- Born: August 25, 1958 (age 68) Oak Park, Illinois
- Education: Dartmouth College Fielding Graduate University
- Occupations: Writer, psychologist
- Spouse: Jay Parini
- Children: 3

= Devon Jersild =

Devon Jersild (born August 25, 1958) is a clinical psychologist and author.

==Biography==
Devon Jersild was born August 25, 1958. She graduated summa cum laude from Dartmouth College, and was awarded a
master's degree by the Bread Loaf School of English, and a doctorate in clinical psychology by Fielding Graduate University.

Jersild was president of The Vermont Association for Psychoanalytic Studies from 2019 to 2021. Prior to becoming a psychologist, Jersild was the associate director of the Bread Loaf Writers' Conference, Associate Editor of the New England Review, and a visiting Lecturer in English at Middlebury College. Her essays and stories have appeared in such publications as The New York Times, The Kenyon Review, USA Today, Redbook, and Glamour Magazine.

She won an O. Henry Award in 1991 for her short story "In Which John Imagines His Mind as a Pond." Andre Dubus III wrote in the Los Angeles Times: "Jersild's language is cool and spare, her details muted, a style that serves her heart-thumping main character well, taking him, and us, to an ending that unfolds itself naturally, with a deliberate and excusable echo of James Joyce's The Dead."
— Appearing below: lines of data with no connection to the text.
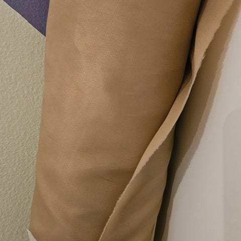Ehjä ja yhtenäinen 12 metrin pala hennon roosan/vaaleanpunaisen väristä kangasta, jonka leveys on 220 cm. Kangas on jotain tekokuitua, kimaltaa lievästi ja on läpikuultavaa. Sopii hienosti esim. verhokatoksen tekoon.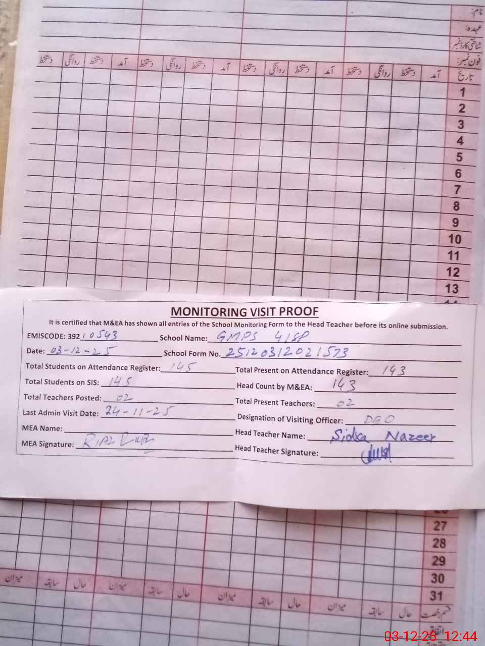 | EMIS Code: 39210543 | Name of School: GMPS CHAK NO. 4/SP | |||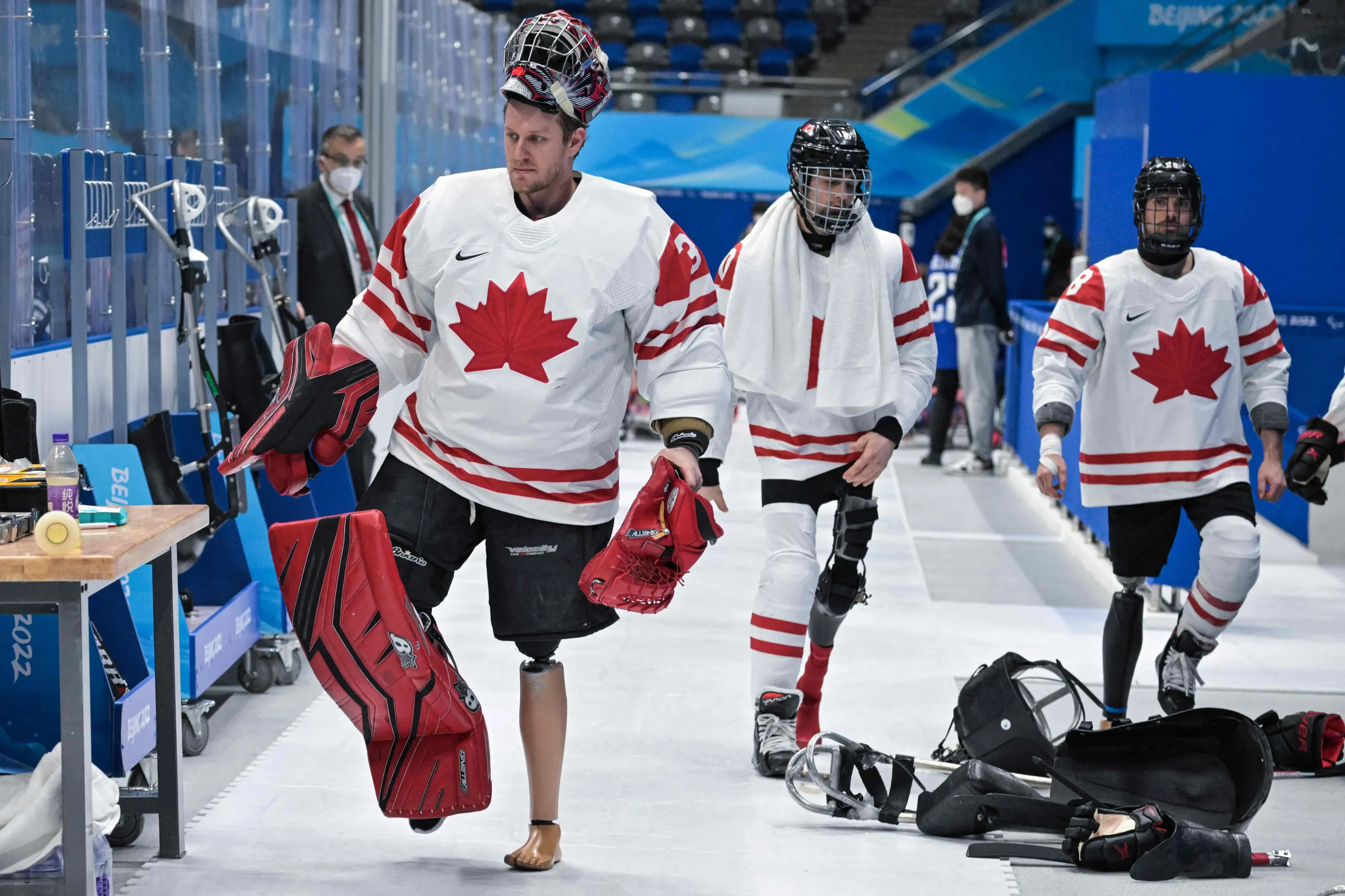 Canada's athletes walk with their prosthetic leg before the ice hockey preliminary round match between Canada and the US during the Beijing 2022 Winter Paralympic Games in Beijing on March 5, 2022. (Photo by Mohd Rasfan/AFP Photo)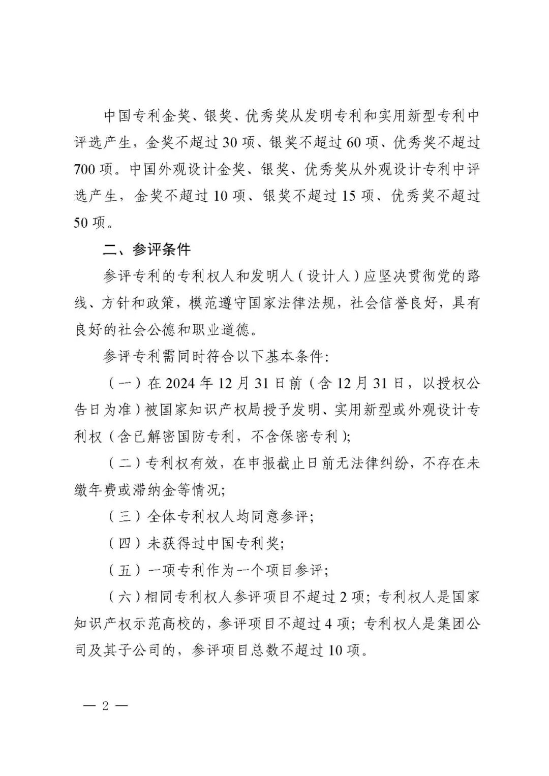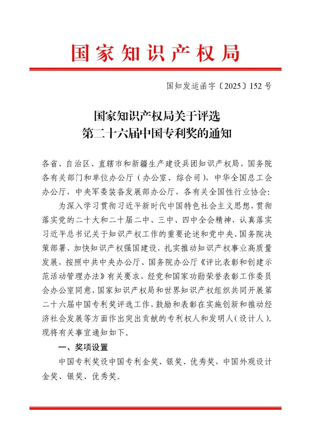 根据《国家知识产权局关于评选第二十六届中国专利奖的通知》(国知发运函字〔2025〕152号,以下简称《通知》,见附件),第二十六届中国专利奖评选工作已启动。为做好我省参评项目的组织和推荐工作,现就有关事项通知如下。
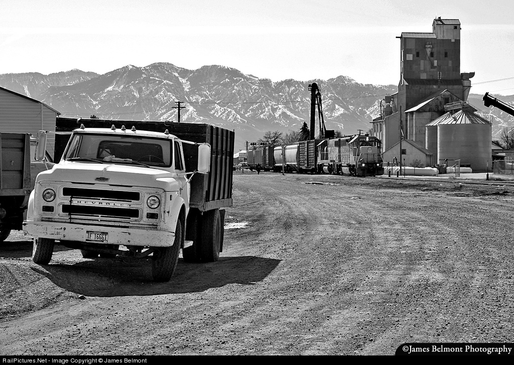 Union Pacific's Cache Valley Local arrives at the end of the 51 mile Cache Valley Industrial lead at Preston, Idaho. At left, a work truck owned by the Franklin County Grain Growers Association awaits it's next call to duty.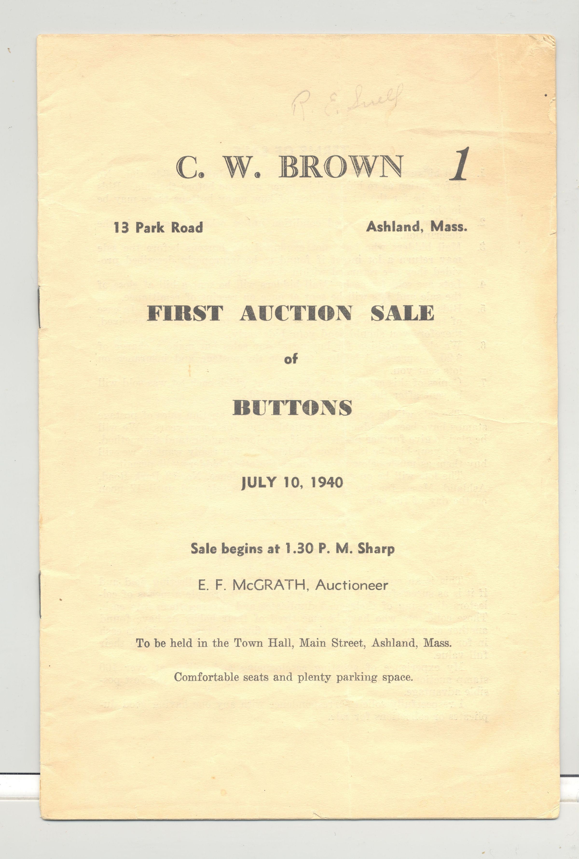 CAT, BUTTONS, 1940, MA. FIRST AUCTION SALE OF BUTTONS, E.F. MCGRATH, AUCTIONEER. 16 PP. SOME PRICES, 6" X 9"Created By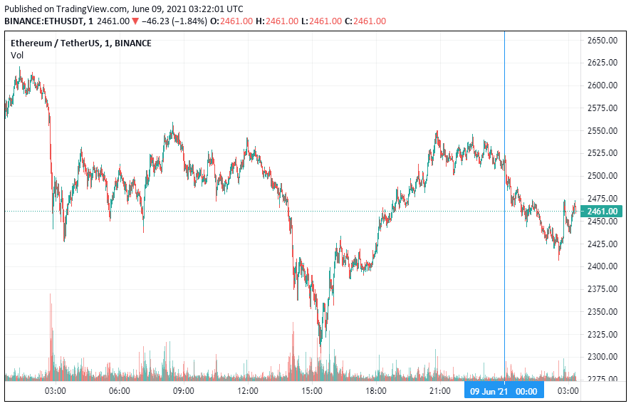 Вторая по капитализации криптовалюта – Ethereum – также начала день с небольшого падения. По состоянию на момент написания новости, монета торгуется по $2461.

Jersild is the author of Happy Hours: Alcohol in a Woman’s Life (HarperCollins), and has lectured widely on the subject of alcohol, as well as appearing on television shows, including The Oprah Winfrey Show and The Montel Williams Show.

Luminous Bodies: A Novel of Marie Curie (Paul Dry Books, 2026) is Jersild’s debut novel, a historical fiction portrait of Marie Curie’s life from her youth in Poland through her marriage, widowhood, and relationship with physicist Paul Langevin, and depicts her friendship with suffragist and scientist Hertha Ayrton.